Wednesday, December 26, 2012

How Many Parallel-Make Jobs Should I Use?


Before I start a really large build, collecting some more timing info seems worth a moment's work.

GNU make lets me do parallel builds, with make -j <Njobs>, so I'd like to know how big to make Njobs on my netbook.  Too few, and I'm not taking advantage of the feature.  Too many, and I may end up thrashing.

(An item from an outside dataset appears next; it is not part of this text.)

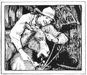 The lad was well pleased with the wage he had received, and away he rode till he reached an inn. There he ordered the best of everything, and when the innkeeper refused to serve him without being paid beforehand, the boy went off to the stable, pulled the ass's ears and obtained his pocket full of money. The host had watched all this through a crack in the door, and when night came on he put an ass of his own for the precious Neddy of the poor youth. So Jack, without knowing that any change had been made, rode away next morning to his father's house.

Building the bootloader's pretty fast, so I'll instrument just that build and run it with different "j" values.

== 1 ==
[ 10:56:14 ] : == ./time-parallel-bootloader-builds: BEGIN
[ 10:59:38 ] : == ./time-parallel-bootloader-builds: SUCCESS
== 2 ==
[ 10:38:28 ] : == ./time-parallel-bootloader-builds: BEGIN
[ 10:41:02 ] : == ./time-parallel-bootloader-builds: SUCCESS
== 3 ==
[ 10:41:02 ] : == ./time-parallel-bootloader-builds: BEGIN
[ 10:43:34 ] : == ./time-parallel-bootloader-builds: SUCCESS
== 4 ==
[ 10:43:34 ] : == ./time-parallel-bootloader-builds: BEGIN
[ 10:46:06 ] : == ./time-parallel-bootloader-builds: SUCCESS

Looks like make -j2 is the winner -- it's better than make -j1, and no worse than make -j3.  (I even re-ran make -j1, just to make sure it wasn't slower because the filesystem cache hadn't been loaded up with the bootloader sources.)